Тишина во всем доме.
А я очень хочу с ним дружить. И это мой секрет. Я не хочу, чтобы взрослые знали про наши дела. Но почему-то мне нельзя к нему, а ему – ко мне. Я в то время думал, что это дело временное: ну вот не разрешили тебе взять конфету сейчас – сейчас почему-то нельзя, – а потом разрешат, потом почему-то можно. И я очень верил в это "потом" с этим моим другом, а потому не торопился и не разбивал зеркало, что мне очень, кстати, хотелось сделать – лампу-то я уже разбил? Разбил.
Я думал, из нее весь свет вытечет, как сок, – так, кстати сказать, и случилось.
Ну вот. И я понял, что пока (то есть покуда это "потом" не наступило), пока я могу ему только что-нибудь показывать – ну, например, свои игрушки, или еду, какую, я буду есть на ужин, или новые варежки на резинке. И вот, представляешь, Майк, я отхожу в сторону, чтобы взять плюшевого медведя, и он тоже отходит. Я ему говорю: стой! не уходи: я тебе сейчас покажу медведя. И отхожу. И он тоже отходит. Тогда я бросаюсь назад, к зеркалу, без медведя, потому что я до медведя даже не дошел, то есть я собирался в другую комнату, за медведем, но бросился назад, чтобы мой самый близкий друг не ушел далеко. И он, к моей невыразимой радости, тоже возвращается. А меня так и разбирает: где же он в это время был???
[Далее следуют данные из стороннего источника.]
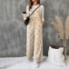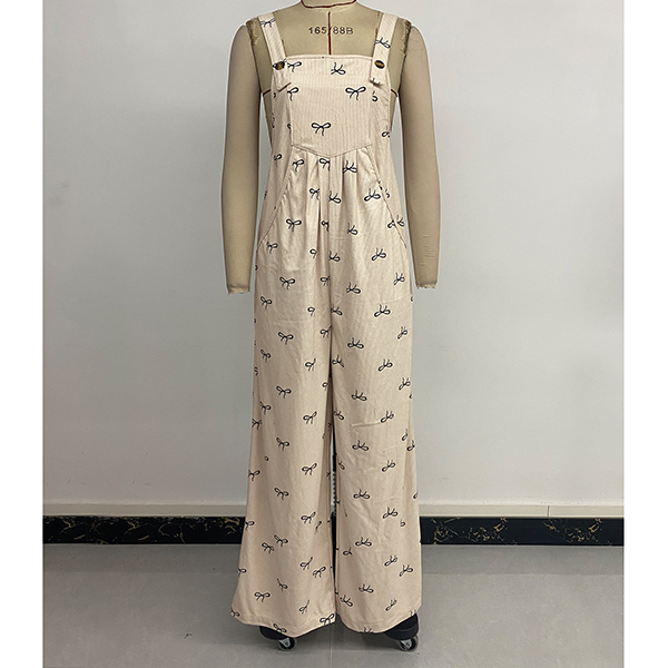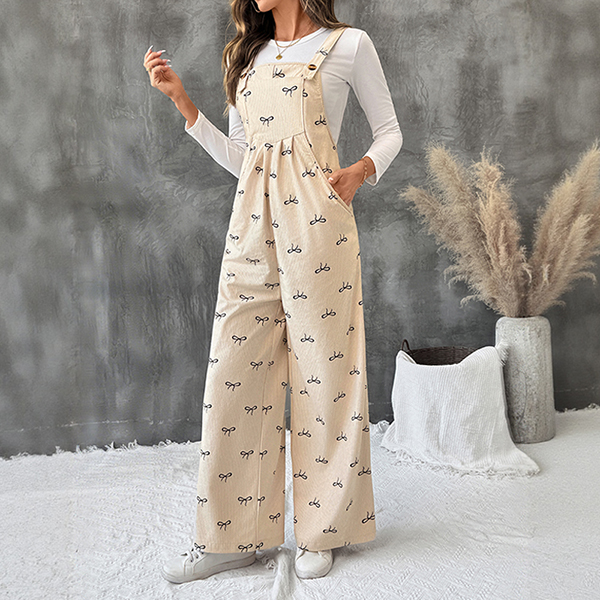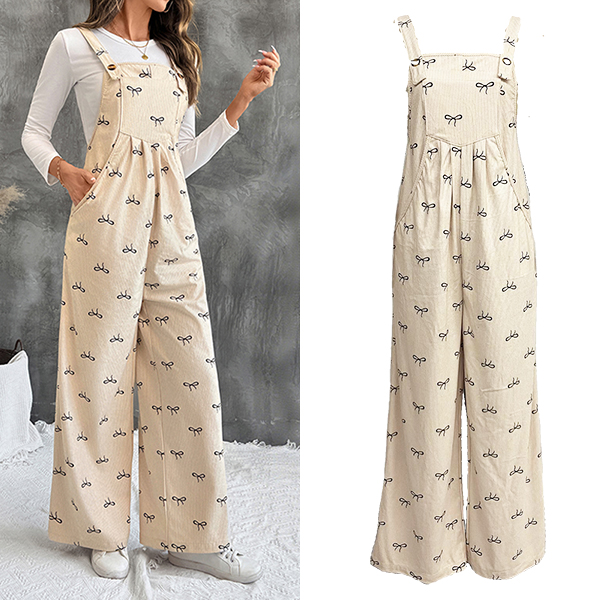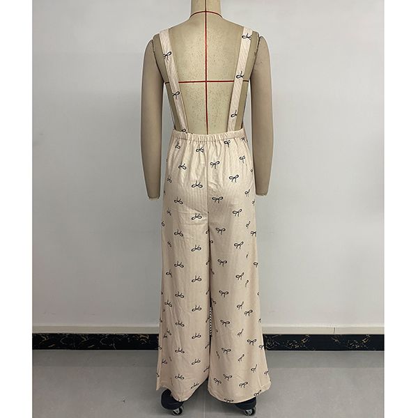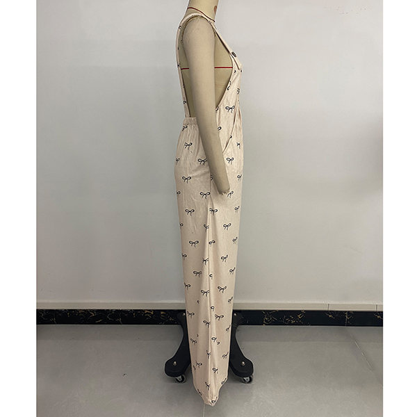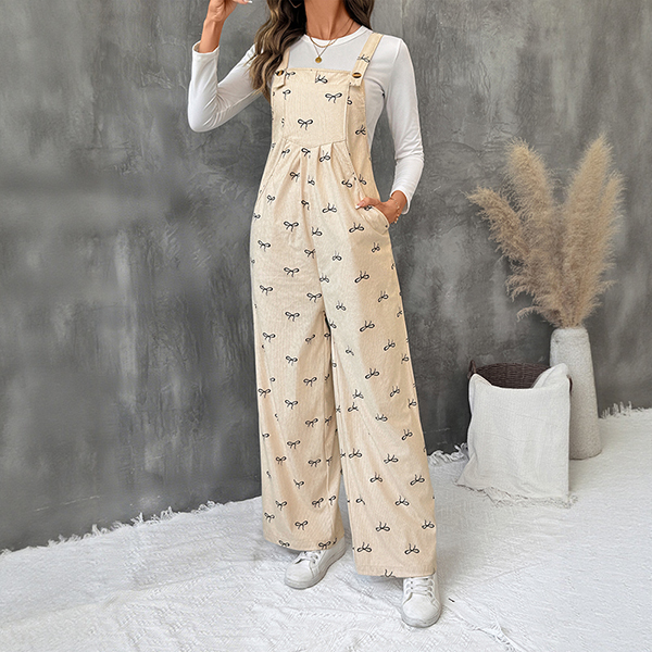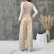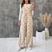 Moderiktig rosetttryckt fyrkantig halsringning sidofickor rakt skuren strumphållare jumpsuit

Ну, где я-то сам был, я знаю, а где, где, где – побывал за это самое время он?.. Потом я приношу медведя – и он приносит. У него, в его комнатах (нет сил, как хочется там погостить! хоть секунду!), тоже есть медведь. И вот однажды… Я, вообще-то, его всегда трогал, а он меня. Но мне это не нравилось, потому что я был для него круглый, теплый и мягкий, а он, наоборот, плоский, холодный и жесткий – и вот однажды я придумал сделать так, чтобы мы стали равны: тогда я не мог еще этого объяснить, это было такое "ноу хау", как у щенков, то есть результат, полученный методом "тыка", и в самом деле "тыка": я понял, что если мы ткнем друг в друга пальцами – и этими пальцами друг в друга упремся, то оба упремся в жесткую точку: ведь мой палец, как и его, в самом конце, тоже жесткий – и тoже точка.
И вот однажды мы ткнули палец-в-палец. И получили общую точку.
Место контакта. Место нашего соединения. И я стоял так долго-долго, и он тоже, а потом я сел на пуфик, и он тоже, – на обшитый вишневым плюшем мягкий кругленький пуфик – у нас их было по одному, то есть я устал, но палец продолжал держать. И он продолжал. А на столике трюмо (как с моей, так и с его стороны) жила семья холодных белых слоников, кажется, их и впрямь было семь, похожих на семь зубов, – их соседями являлся стеклянный гном (наполненный зеленым одеколоном) и музыкальный квартет: медведь, козлик, ослик, обезьянка. У нас с ним, с другим, все было поровну! И вот мы, уставая смотреть друг на друга, переводили взгляды на эти существа, – мы оба разглядывали это счастливое царство, где можно быть гораздо крошечней нас, и жить по своим законам, – правой рукой мы оба немножко играли с этими существами, немножко двигали их туда и сюда, ставя их в непредсказуемые ситуации жизни, а потом снова взглядывали друг на друга – но палец держали все время, потому что это был залог, клятва, знак нашей секретной дружбы. Может быть, я даже вздремнул…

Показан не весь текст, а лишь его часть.